🤖 AI Summary
This work proposes a general-purpose image segmentation method that operates without relying on mask-based mechanisms, leveraging a diffusion model to enable end-to-end holistic prediction. The key innovations include the introduction of a position-aware palette and 2D Gray code ordering to support principled uncertainty modeling, alongside the use of tanh activation and a sigmoid-based loss weighting strategy within a discrete output space. Although the approach does not surpass current state-of-the-art mask-based methods in performance, it significantly narrows the gap while demonstrating a distinctive capacity for uncertainty-aware segmentation. This capability opens a promising new direction for integrating large-scale pretraining into segmentation frameworks.
📝 Abstract
This paper introduces a diffusion-based framework for universal image segmentation, making agnostic segmentation possible without depending on mask-based frameworks and instead predicting the full segmentation in a holistic manner.

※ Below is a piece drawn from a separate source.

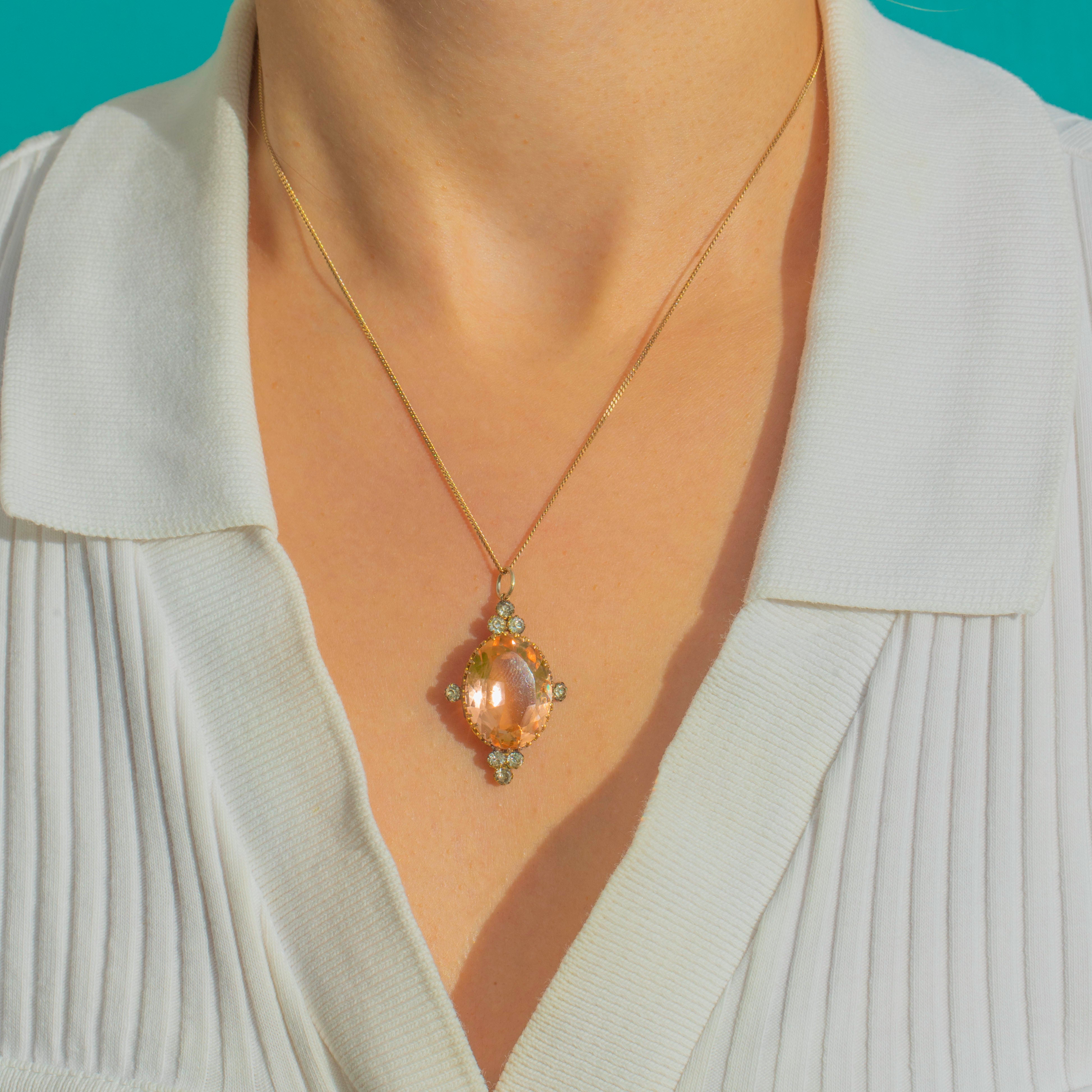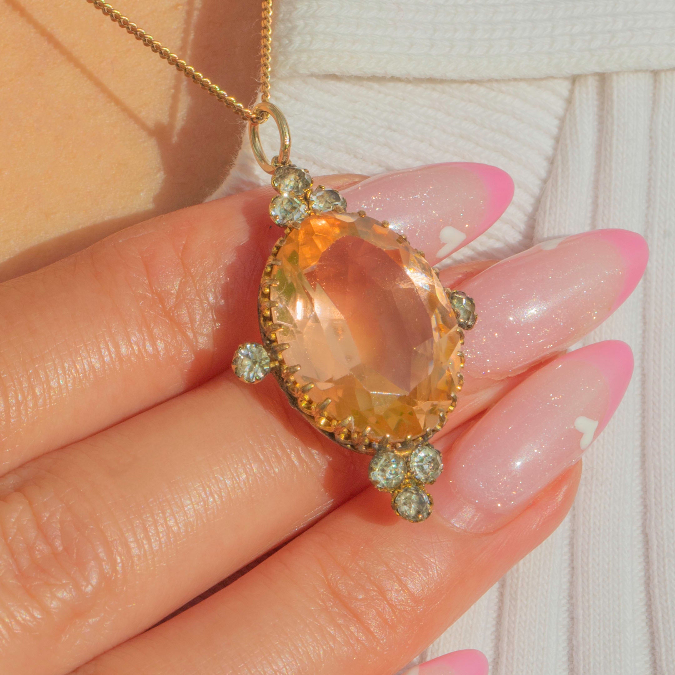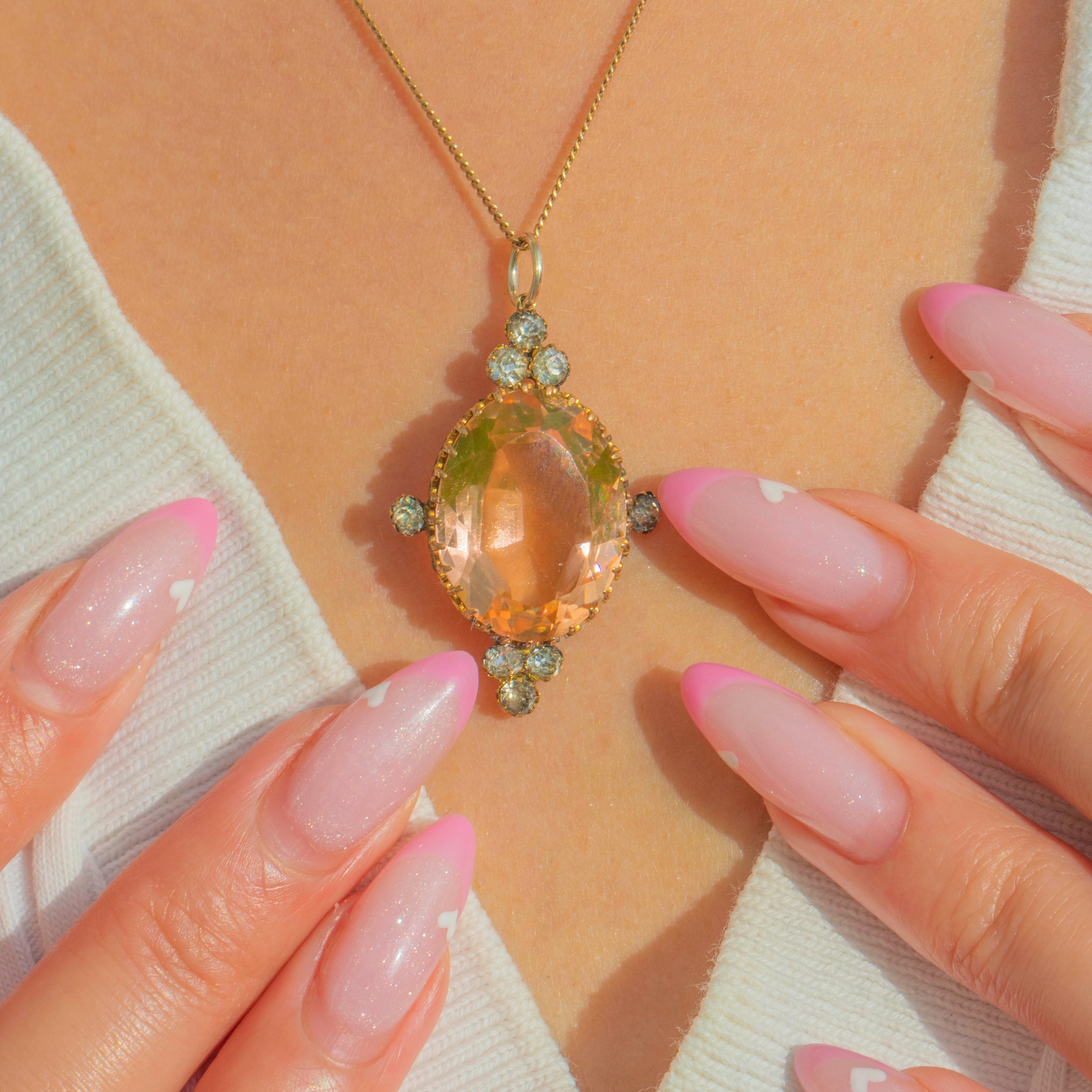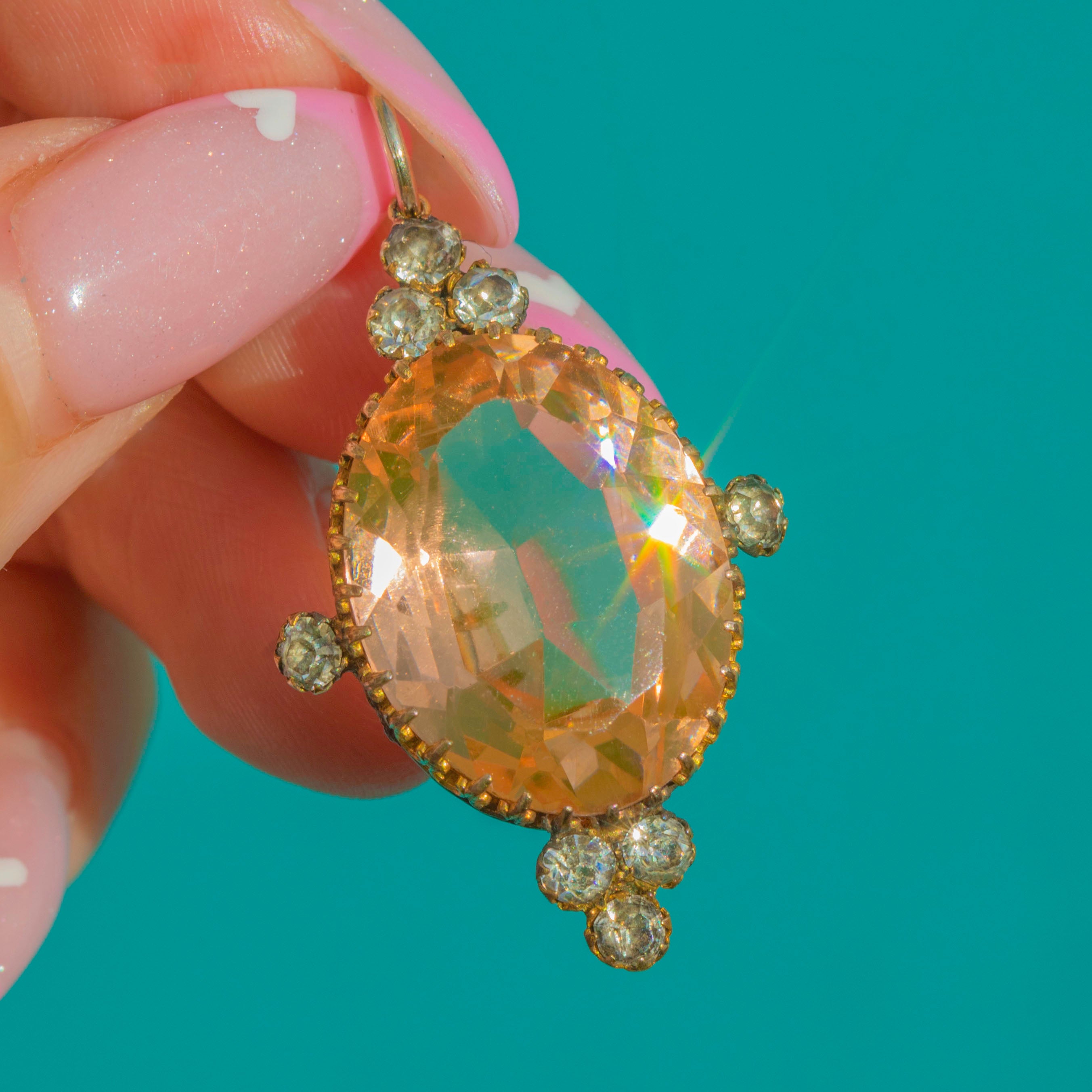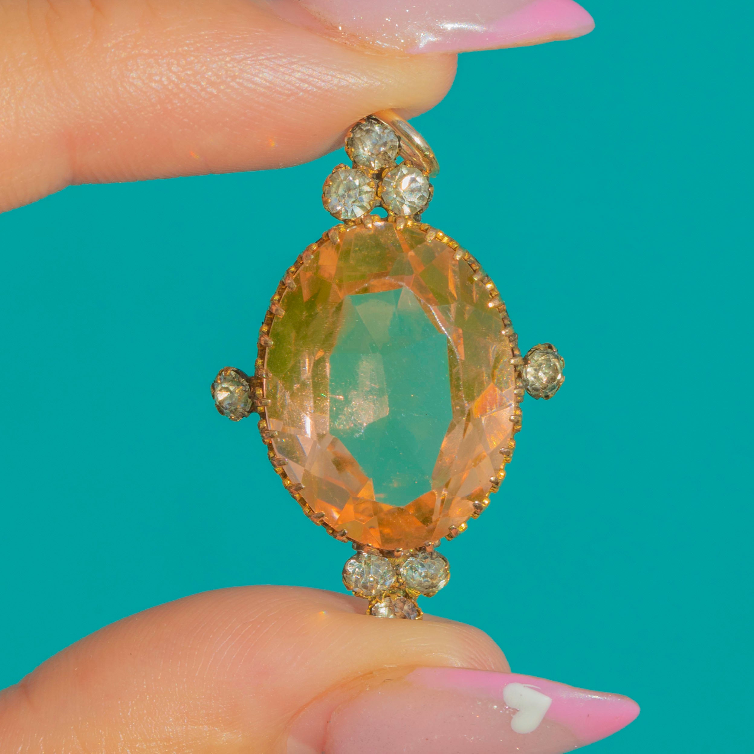 This beautiful early Victorian pendant features a glowing peach-coloured Paste stone framed by sparkling white Paste accents, all set in an ornate antique mount.

We present several key adaptations to diffusion models, which are important in this discrete setting. Notably, we show that a location-aware palette with our 2D gray code ordering improves performance. Adding a final tanh activation function is crucial for discrete data. On optimizing diffusion parameters, the sigmoid loss weighting consistently outperforms alternatives, regardless of the prediction type used, and we settle on x-prediction. While our current model does not yet surpass leading mask-based architectures, it narrows the performance gap and introduces unique capabilities, such as principled ambiguity modeling, that these models lack. All models were trained from scratch, and we believe that combining our proposed improvements with large-scale pretraining or promptable conditioning could lead to competitive models.